Beauregard will implement Medsphere's OpenVista electronic health record system. As a rural, acute and primary care facility, Beauregard is on track to fully and meaningfully deploy OpenVista by June 2010 and become eligible for financial incentives as outlined by the American Recovery and Reinvestment Act, according to its executives.

"Beauregard Memorial Hospital proves that any hospital in the U.S. can rapidly implement, and meaningfully use, an enterprise EHR," said Ted Badger, CEO at Beauregard. "As one of many small, rural hospitals in the U.S., we are excited to demonstrate how a hospital of our size can afford to fully implement an electronic health record system."

The flexibility offered by open source technology enables Carlsbed, Calif.-based Medsphere to provide a portfolio of clinical transformation services by tailoring OpenVista to the specific needs of Beauregard, say Medsphere officials.

"Medsphere is very pleased to be working with Beauregard and early adopters like Ted Badger who have the perspective to understand what OpenVista represents and what Medsphere is trying to do," said Michael J. Doyle, president and CEO of Medsphere. In Doyle's view OpenVista and Medsphere's associated support services comprise the most efficient path to meaningful use and federal stimulus funding.

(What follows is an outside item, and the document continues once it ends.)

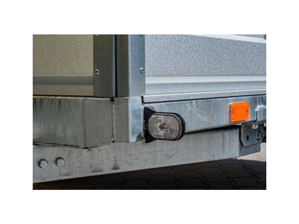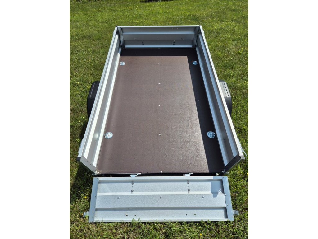 Provedení s "V" ojí, plechové bočnice 350 mm, 13“ kola, 13 pólová elektroinstalace, podloha je vyrobena z voděodolné protiskluzové překližky o síle 9 mm, 4 ks kotvících misek.

In addition to Beauregard, West Virginia's state hospitals, Blue Mountain Hospital in Utah, Midland Memorial Hospital in Texas, Wyoming's Memorial Hospital of Sweetwater County, Silver Hill Hospital in Connecticut and Lutheran Medical Center in New York all share best practices and source code enhancements to OpenVista code at Medsphere.org, the Web portal for the ecosystem where Medsphere partners communicate and collaborate.

Open source healthcare IT solutions have gained momentum nationally in 2009, starting with West Virginia Sen. Jay Rockefeller's (D-WV) recent call for the public funding and use of proven open source EHRs to improve patient care. The Rockefeller bill, called the Health Information Technology Public Utility Act of 2009, would require the federal government to develop standards for an interoperable health IT system and create an open source electronic health records solution available to all healthcare providers at little or no cost.

OpenVista is the commercialized version of the VistA EHR created and developed by the U.S. Department of Veterans Affairs over 20 years ago and credited with helping turn the agency into a national leader in quality patient care.